*** Opening Data for the task ***

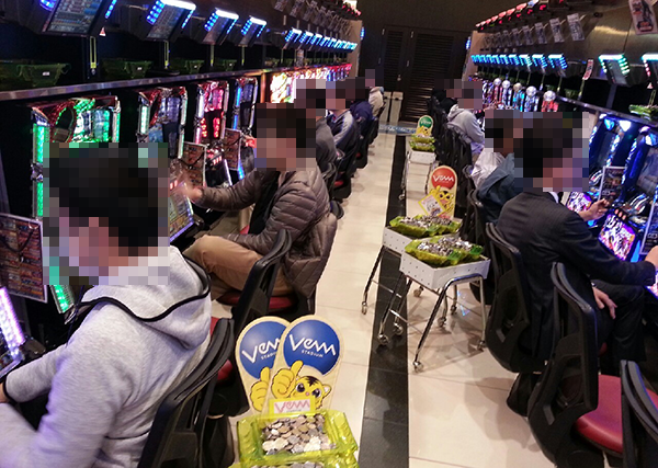 じっくりと遊ぶことができる1円パチンコと0.5円パチンコも好評で、シニア層のプレイヤーを中心に支持されていた。
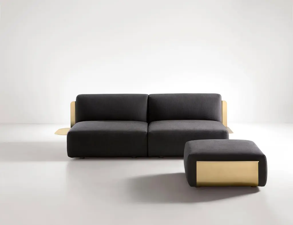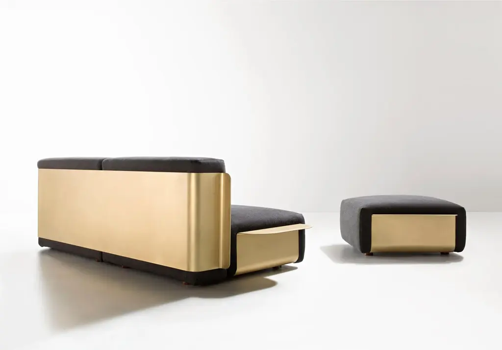Loom Pouf by De CastelliDimensions: W 91 x D 75 x H 40 cmMaterials: Orbitale DeLabré Brass, FabricOther versions are available, please contact us for any request.The Loom collection challenges the apparent contradiction between the hardness of metal and the soft comfort of upholstery. Loom turns an oxymoron into inspiration, positioning a welcoming, familiar form atop a brass clip that embraces as it holds the cushions in place, defining its very shape. Loom embodies the De Castelli approach to the world of upholstery: while respecting the comfort of the ample seat, metal remains the star, truly shining in its role as supporting arms that gently rise up at the sides.DE CASTELLI“HARD COUTURE”Faithful to its decision to reinstate the special role of metal in design and experimentation, De Castelli infuses artisan ideas and workmanship into industrial processes, leading to entirely original results. The encounter with design inspires an approach to materials founded upon respect for their potential, be it hidden or obvious, which emerges slowly in a collection of pieces that, despite being part of a series, remain unique.Unique not only for the hand that has created them, but also for the singular cultural path that focuses on the aesthetic (and not just practical) value of the primordial material with which De Castelli shapes living spaces.A BESPOKE APPROACHEach object, even in the repetition of form, is a creative act in and of itself, one that incorporates a heritage of constantly-evolving expertise and research. The equation that relegates ‘cold’ metals to the margins of furnishing projects is thus overturned, bringing iron, brass and copper, in their infinite variations and finishes, to the centre of an entirely renewed stage, allowing them to finally shine with their own light.SUSTAINABILITYDe Castelli has always been committed to making the entire production cycle increasingly sustainable, aware that metal, the material with which its business identifies itself, is precious and must be treated with care, without waste.PEOPLE FIRSTThe wide spaces of the De Castelli headquarters in Crocetta del Montello (TV) allow those who work to enjoy environments where order, cleanliness and safety are always maintained and guaranteed. An attitude of attention and respect for people that has led to the shared ethical code.
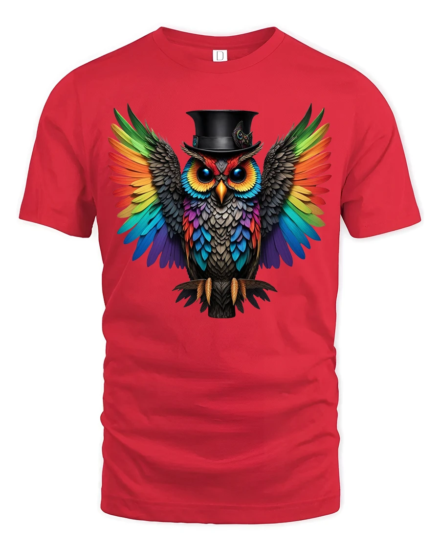 Rainbow Owl Tee With Bold Colorful Wings And Cool Style delivers a striking visual that instantly grabs attention.
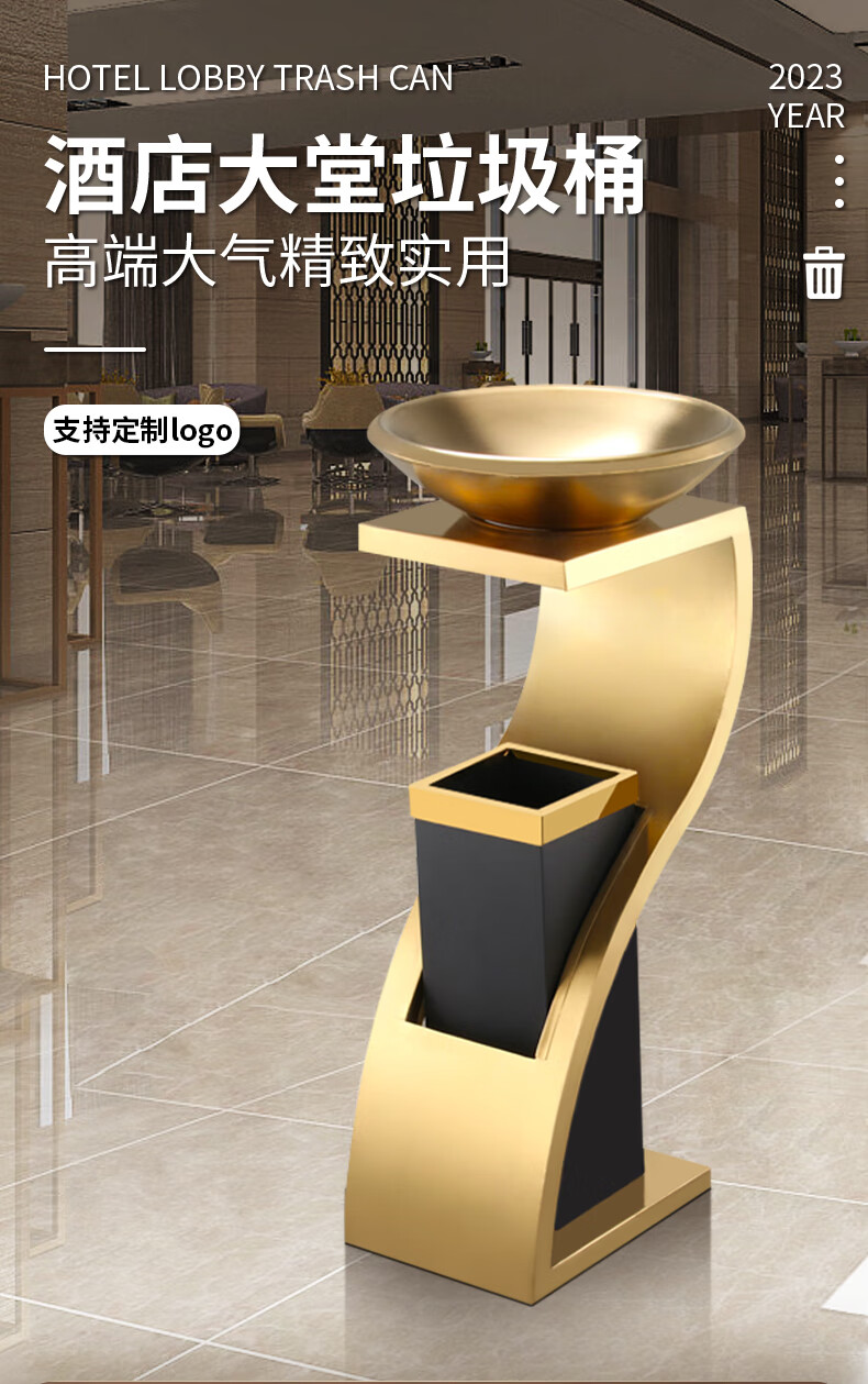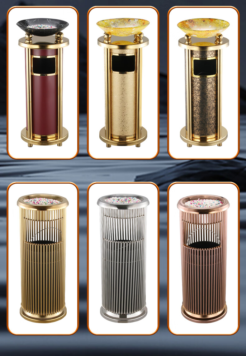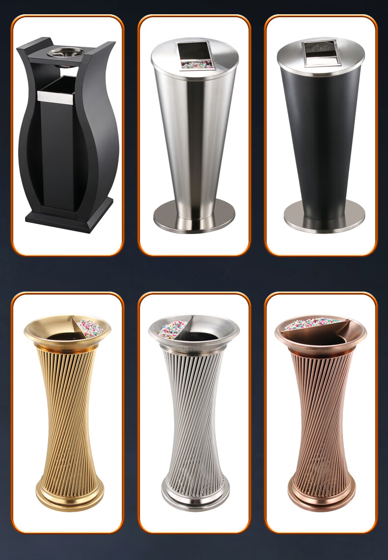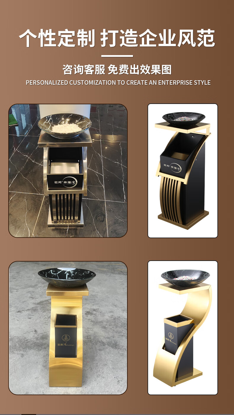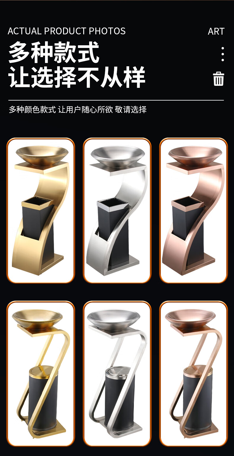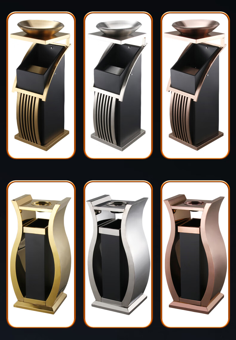 Hotel lobby stainless steel trash can commercial office building vertical elevator corridor KTV sanitary bucket with ashtray S-shaped stainless steel + tempered glass basin
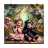 Giggles and Whimsy in Wonderland - This enchanting poster captures a fleeting moment of joy that promises to brighten any space. The laughter of a young girl and her chimpanzee friend resonates through the lush backdrop of a mystical garden, offering a daily reminder of the pure, unbridled joy found in friendship.
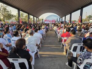 จากนั้นได้ขึ้นเวทีพบกับประชาชนจำนวนมากที่ทยอยเดินทางมารับฟังการปราศรัย ซึ่งมีนายวรวงศ์ วรปัญญา ได้ขึ้นเวทีปราศรัยเป็นคนแรกมีประชาชนมามอบดอกไม้และพวงมาลัยเป็นจำนวนมาก จากนั้นพิธีกรได้เชิญ นายพหล วรปัญญา ขึ้นไปบนเวทีได้กอดกับนายวรวงศ์ วรปัญญา ที่เดินทางมาช่วยหาเสียง โดยมีประชาชนจำนวนมากที่อยู่ด้านล่างของเวทีต่าง ๆ แสดงความดีใจ ทั้งนี้ นายพหล วรปัญญา ได้กล่าวว่าขอฝากเนื้อฝากตัวรับใช้ประชาชนชาวอำเภอบ้านหมี่ นอกจากนี้ยังกล่าวถึงในอดีตที่ผ่านมาตนเป็นส่วนหนึ่งที่ช่วยผลัดดันแก้ไขปัญหาให้กับชาวอำเภอบ้านหมี่ แม้ว่าในช่วงนั้นยังไม่มีตำแหน่งทางการเมือง สำหรับในการเลือกตั้งในครั้งนี้ถ้าประชาชนให้ความไว้วางใจเลือกตนเข้าไปเป็น ส.ส.ก็จะได้คนทำงานร่วมกับคนในตระกูลวรปัญญาในสภาผู้แทนราษฎรถึงสองคน

*** Closing Data for the task ***

Problem description>
Give again, unchanged, only the lines from the line containing "Giggles and Whimsy" to the last line of the records above. Pictures do not belong in the copy.

Answer to the problem>
 Giggles and Whimsy in Wonderland - This enchanting poster captures a fleeting moment of joy that promises to brighten any space. The laughter of a young girl and her chimpanzee friend resonates through the lush backdrop of a mystical garden, offering a daily reminder of the pure, unbridled joy found in friendship.
 จากนั้นได้ขึ้นเวทีพบกับประชาชนจำนวนมากที่ทยอยเดินทางมารับฟังการปราศรัย ซึ่งมีนายวรวงศ์ วรปัญญา ได้ขึ้นเวทีปราศรัยเป็นคนแรกมีประชาชนมามอบดอกไม้และพวงมาลัยเป็นจำนวนมาก จากนั้นพิธีกรได้เชิญ นายพหล วรปัญญา ขึ้นไปบนเวทีได้กอดกับนายวรวงศ์ วรปัญญา ที่เดินทางมาช่วยหาเสียง โดยมีประชาชนจำนวนมากที่อยู่ด้านล่างของเวทีต่าง ๆ แสดงความดีใจ ทั้งนี้ นายพหล วรปัญญา ได้กล่าวว่าขอฝากเนื้อฝากตัวรับใช้ประชาชนชาวอำเภอบ้านหมี่ นอกจากนี้ยังกล่าวถึงในอดีตที่ผ่านมาตนเป็นส่วนหนึ่งที่ช่วยผลัดดันแก้ไขปัญหาให้กับชาวอำเภอบ้านหมี่ แม้ว่าในช่วงนั้นยังไม่มีตำแหน่งทางการเมือง สำหรับในการเลือกตั้งในครั้งนี้ถ้าประชาชนให้ความไว้วางใจเลือกตนเข้าไปเป็น ส.ส.ก็จะได้คนทำงานร่วมกับคนในตระกูลวรปัญญาในสภาผู้แทนราษฎรถึงสองคน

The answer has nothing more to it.